Barclays has kicked off coverage of British American Tobacco (LON:BATS) with an ‘overweight’ rating, arguing that the group is well-placed to exploit the new era of in the industry which will likely be marked by innovations such as e-cigarettes, Proactive Investors reports. The comments come after the tobacco maker recently updated investors on its half-year performance, saying that it remained confident on revenue from its next generation products.
BAT’s share price has been subdued in today’s trading, having given up 0.61 percent to 4,168.50p as of 14:21 BST. The decline is largely in line with losses in the benchmark FTSE 100 index which currently stands 0.77 percent lower at 7,682.27 points. The group’s shares have lost just under 15 percent of their value over the past year, as compared with a near four-percent rise in the Footsie.

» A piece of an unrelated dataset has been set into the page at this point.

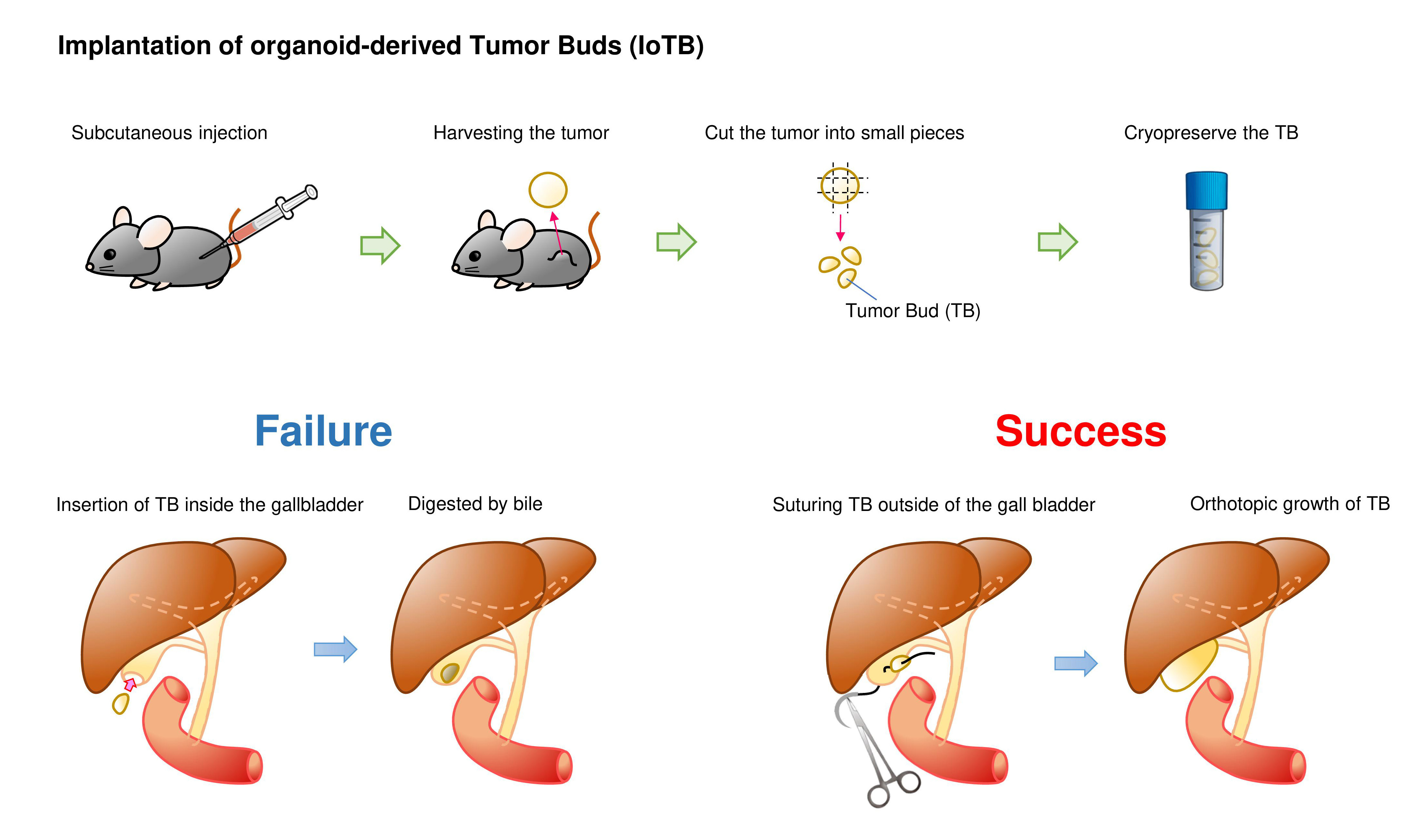 We then tested a two-step implantation approach in which K/53org-derived subcutaneous tumors were orthotopically implanted in syngeneic mice. Tumors were typically minced into 2-mm fragments, which we named “tumor buds (TB)”. Although a TB was initially inserted into the GB with a cut and closed tip, the TB remaining inside the GB did not develop tumors, presumably due to digestion by bile. To avoid direct exposure to bile, we fixed the TB outside the GB by suturing. This method, which we designated as the “implantation of organoid-derived tumor bud (IoTB),” was effective, allowing the transplanted TBs to grow into solid tumors that resembled human GB cancer.

Barclays ‘overweight’ on BAT
Barclays initiated coverage of BAT with an ‘overweight’ rating today and a price target of 5,000p on the shares. Proactive Investors quoted the analysts as saying in a note to clients that the global tobacco industry was “ushering in a new era of competitive disruption heralded by heat-not-burn in the east and e-cigarettes in the west,” pointing out that it believed that the tobacco maker was approaching the new era with a consistent strategy and a well-balanced geographical and product architecture.
Other analysts on tobacco maker
Societe Generale, which sees BAT as a ‘buy,’ set a price target of 4,800p on the company at the end of last month, while Credit Suisse, which rates the tobacco maker as an ‘outperform,’ hiked its valuation on the shares from 5,200p to 5,250p. According to MarketBeat, the FTSE 100 group currently has a consensus ‘buy’ rating and an average price target of 5,206.25p.